Нигде не останавливаясь, мы вышли из районного центра на шоссе. Только это было не то шоссе, по которому мы приехали сюда. Мы не знали, куда оно нас выведет. Да и зачем нам это было знать. Все равно мы до конца не дойдем.
Я так думал, а Каримчик все шел и шел. Я испугался, что мы будем идти до вечера.
То и дело нас обгоняли машины. Они пронзительно гудели, и мы жались к обочине дороги.
– Отгадай, – вдруг спросил Каримчик. – Что нас сейчас обгонит: грузовик или легковушка?
Я сказал, что легковушка.

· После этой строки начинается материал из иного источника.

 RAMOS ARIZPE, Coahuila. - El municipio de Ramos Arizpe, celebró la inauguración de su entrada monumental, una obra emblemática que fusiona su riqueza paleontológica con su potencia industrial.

Но тут нас обогнал ишак. Самый обыкновенный. На четырех ногах. С хвостом.
– Это легковушка? – спросил Каримчик, показывая на ишака.
– Конечно.
– Нет, грузовик.
На ишаке действительно были мешки. На мешках: сидел старик и подгонял свой «грузовик» палкой.
– Давай еще загадаем, – предложил я.
– Давай.
– Теперь ты.
– Грузовик, – сказал он.
Нас и вправду обогнал грузовик.
Шоссе потянулось к холмам. Они горбатились, как коты, и мне стало смешно.
Тут Каримчик заметил тропинку, сворачивающую к реке. Мы пошли по ней в сторону границы. Теперь река была совсем рядом. Мы даже слышали, как она шумит. Но подойти к ней мы не могли, потому что нас отделяла от нее колючая проволока.
На железной вышке стоял часовой, смотрел на чужой берег.
Мы тоже стали смотреть. Ничего особенного: берег как берег. Пески. Холмы. Сады тоже есть.
А вот и селение. Облезлое какое-то. Жалкое. Будто в нем все вымерли.
Мы даже остановились, чтобы лучше его разглядеть. Дувалы повалены, как после землетрясения. И ни одной машины.